Market research and strategic planning encompass eight studies, including diversified product development, high-density orchards, fruit bagging, export potential for peaches and guava, China market analysis, brand development, organic certification, exotic fruits introduction, and AI-driven demand prediction.
Infrastructure development, supported by the Export Development Fund (EDF) includes 37 value-added projects across provinces, such as solar drying units for chilies, mango dehydration facilities, certified nurseries for cherries and nuts, olive oil extraction units, date processing plants, and support for global certifications like Global GAP, HACCP, and ISO 22000. Additionally, three cold chain projects will establish storages in production hubs and cargo facilities at airports and seaports.
Market access facilitation including SPS approvals and coordination with the Department of Plant Protection (DPP) for dossiers on guava, strawberry, banana, dates, melon, and apricot for China, plus monitoring cherry exports and advancing access to Thailand, Philippines, USA, Indonesia, and Vietnam. The plan also includes regular coordination meetings, data tracking, minimum export prices, trade negotiation capacity building, and export promotion councils.

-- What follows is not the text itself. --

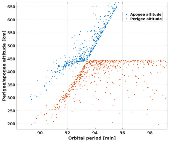 Figure 3 shows the Gabbard Diagram of the 450 km altitude fragmentation. Since km, it is considered that a pure radar network is in place, with all sensors having an elevation angle of 30°. The minimum detectable size, of a fragment at a given altitude can be taken as a proxy for the network’s capabilities. We considered, respectively: cm, 15 cm, 5 cm at 1200 km for radar sensors (these values may represent the capabilities of currently deployed radars used by various entities and companies worldwide for space surveillance and tracking; however, they are simply input parameters, and the developed model allows users to customize this choice to test any specific network).

PHDEC will support growers and exporters with subsidized participation in international exhibitions like Gulfood, ANUGA, and SIAL Paris, establishing a dedicated horticulture pavilion at FoodAg exhibitions. Horticulture companies will be encouraged to join delegations to promising markets such as Bangladesh, Indonesia, Malaysia, Philippines, and Vietnam, with logistics support via the National Logistics Cell (NLC) for Central Asian markets, including Afghanistan. The Trade Development Authority of Pakistan (TDAP) and Ministry of Commerce will assist through 58 trade missions.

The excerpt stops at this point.